Description of the task: Across the data, every line with the word "between" counts once; state the total alone.

Material for this exercise:
[Start of section]

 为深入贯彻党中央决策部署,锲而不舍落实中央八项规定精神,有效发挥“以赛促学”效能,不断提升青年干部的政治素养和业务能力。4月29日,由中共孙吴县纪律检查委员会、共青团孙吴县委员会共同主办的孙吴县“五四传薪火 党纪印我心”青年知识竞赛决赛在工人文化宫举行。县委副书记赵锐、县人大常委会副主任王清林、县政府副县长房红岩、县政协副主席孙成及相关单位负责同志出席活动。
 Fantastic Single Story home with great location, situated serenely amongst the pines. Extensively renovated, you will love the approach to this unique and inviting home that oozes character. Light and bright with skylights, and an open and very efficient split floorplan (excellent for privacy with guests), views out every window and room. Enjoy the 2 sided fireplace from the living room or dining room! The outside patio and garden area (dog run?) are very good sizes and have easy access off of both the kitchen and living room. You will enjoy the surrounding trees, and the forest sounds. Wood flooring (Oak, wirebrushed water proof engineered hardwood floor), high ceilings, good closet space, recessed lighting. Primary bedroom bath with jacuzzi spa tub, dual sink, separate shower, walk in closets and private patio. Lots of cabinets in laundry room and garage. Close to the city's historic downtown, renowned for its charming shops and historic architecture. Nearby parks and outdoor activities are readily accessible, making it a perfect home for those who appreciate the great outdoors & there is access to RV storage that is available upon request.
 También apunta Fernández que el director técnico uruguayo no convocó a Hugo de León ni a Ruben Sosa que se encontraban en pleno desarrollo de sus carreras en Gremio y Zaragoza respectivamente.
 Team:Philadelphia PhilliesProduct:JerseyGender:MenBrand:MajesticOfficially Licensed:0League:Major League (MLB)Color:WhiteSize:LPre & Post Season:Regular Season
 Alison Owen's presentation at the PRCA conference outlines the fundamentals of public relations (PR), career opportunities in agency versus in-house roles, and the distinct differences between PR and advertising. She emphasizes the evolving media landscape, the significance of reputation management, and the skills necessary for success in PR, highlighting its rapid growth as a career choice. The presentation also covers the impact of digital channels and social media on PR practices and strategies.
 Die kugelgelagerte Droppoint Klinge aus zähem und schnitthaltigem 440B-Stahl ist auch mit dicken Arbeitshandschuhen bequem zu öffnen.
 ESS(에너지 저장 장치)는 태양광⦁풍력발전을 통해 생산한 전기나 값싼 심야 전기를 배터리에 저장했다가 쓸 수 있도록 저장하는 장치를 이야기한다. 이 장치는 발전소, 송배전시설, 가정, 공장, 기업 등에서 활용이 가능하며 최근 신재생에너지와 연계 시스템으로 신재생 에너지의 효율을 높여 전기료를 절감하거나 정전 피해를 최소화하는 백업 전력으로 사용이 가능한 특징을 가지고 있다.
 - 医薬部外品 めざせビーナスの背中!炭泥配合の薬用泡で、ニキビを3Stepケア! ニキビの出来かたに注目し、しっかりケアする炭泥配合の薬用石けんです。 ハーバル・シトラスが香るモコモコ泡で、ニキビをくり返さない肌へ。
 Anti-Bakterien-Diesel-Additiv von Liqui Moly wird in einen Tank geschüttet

[End of section]
[Start of section]

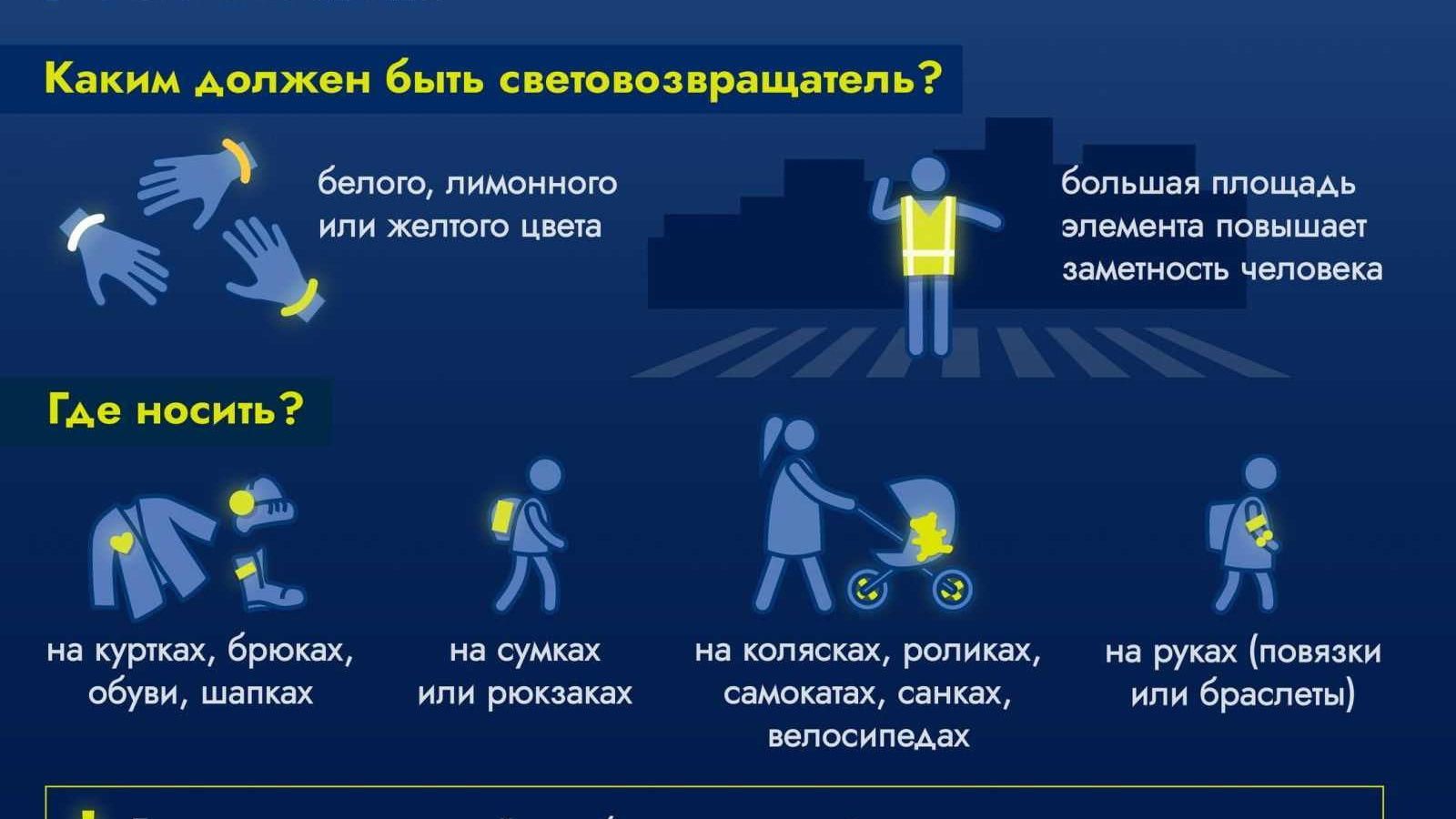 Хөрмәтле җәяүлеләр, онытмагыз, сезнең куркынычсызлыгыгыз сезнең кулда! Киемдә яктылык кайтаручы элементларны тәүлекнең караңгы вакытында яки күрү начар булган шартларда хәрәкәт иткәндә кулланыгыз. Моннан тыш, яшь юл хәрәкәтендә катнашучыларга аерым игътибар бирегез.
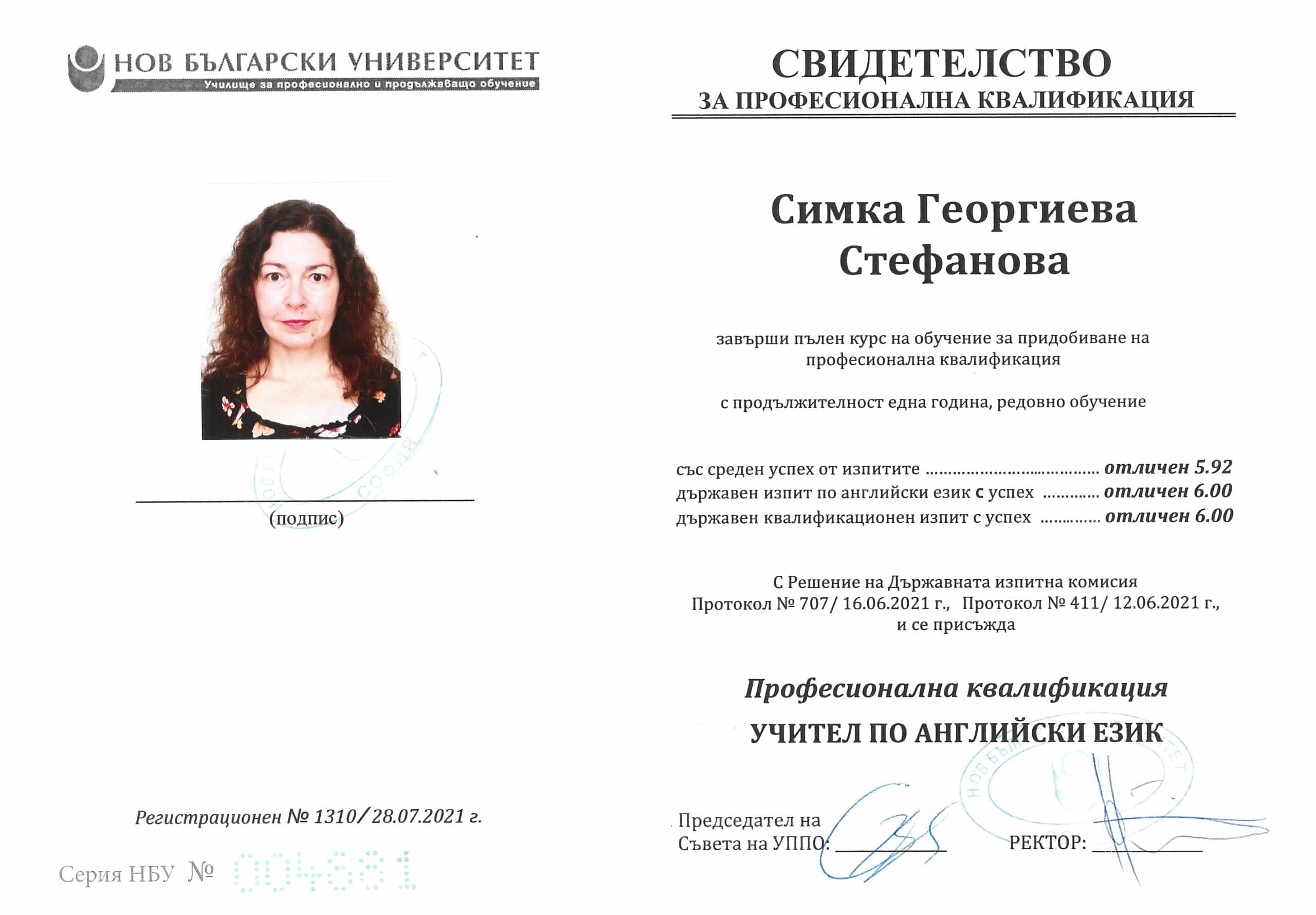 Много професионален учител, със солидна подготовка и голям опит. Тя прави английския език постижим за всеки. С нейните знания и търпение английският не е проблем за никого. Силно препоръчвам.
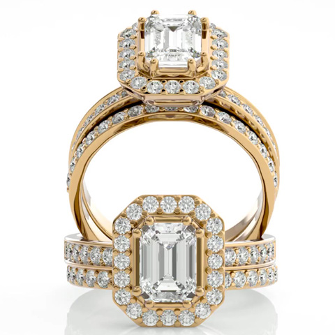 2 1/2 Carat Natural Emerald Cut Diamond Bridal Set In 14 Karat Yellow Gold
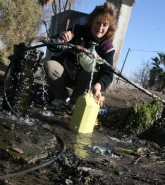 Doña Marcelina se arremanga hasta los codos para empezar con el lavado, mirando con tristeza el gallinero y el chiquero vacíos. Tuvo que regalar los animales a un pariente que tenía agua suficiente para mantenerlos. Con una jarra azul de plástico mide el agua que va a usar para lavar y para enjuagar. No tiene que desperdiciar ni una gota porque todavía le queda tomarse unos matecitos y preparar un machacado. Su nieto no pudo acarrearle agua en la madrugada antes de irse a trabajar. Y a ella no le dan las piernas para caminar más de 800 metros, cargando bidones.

[End of section]
[Start of section]

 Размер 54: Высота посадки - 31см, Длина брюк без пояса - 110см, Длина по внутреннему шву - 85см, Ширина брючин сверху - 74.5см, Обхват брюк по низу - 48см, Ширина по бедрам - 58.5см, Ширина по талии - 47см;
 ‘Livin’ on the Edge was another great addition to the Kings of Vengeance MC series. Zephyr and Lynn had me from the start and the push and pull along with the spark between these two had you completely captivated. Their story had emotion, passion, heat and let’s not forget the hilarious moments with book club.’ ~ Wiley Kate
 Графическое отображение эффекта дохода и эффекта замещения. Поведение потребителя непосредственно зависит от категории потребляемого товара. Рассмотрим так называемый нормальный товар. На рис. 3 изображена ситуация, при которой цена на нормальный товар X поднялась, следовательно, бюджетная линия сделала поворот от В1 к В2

[End of section]

Your solution: 2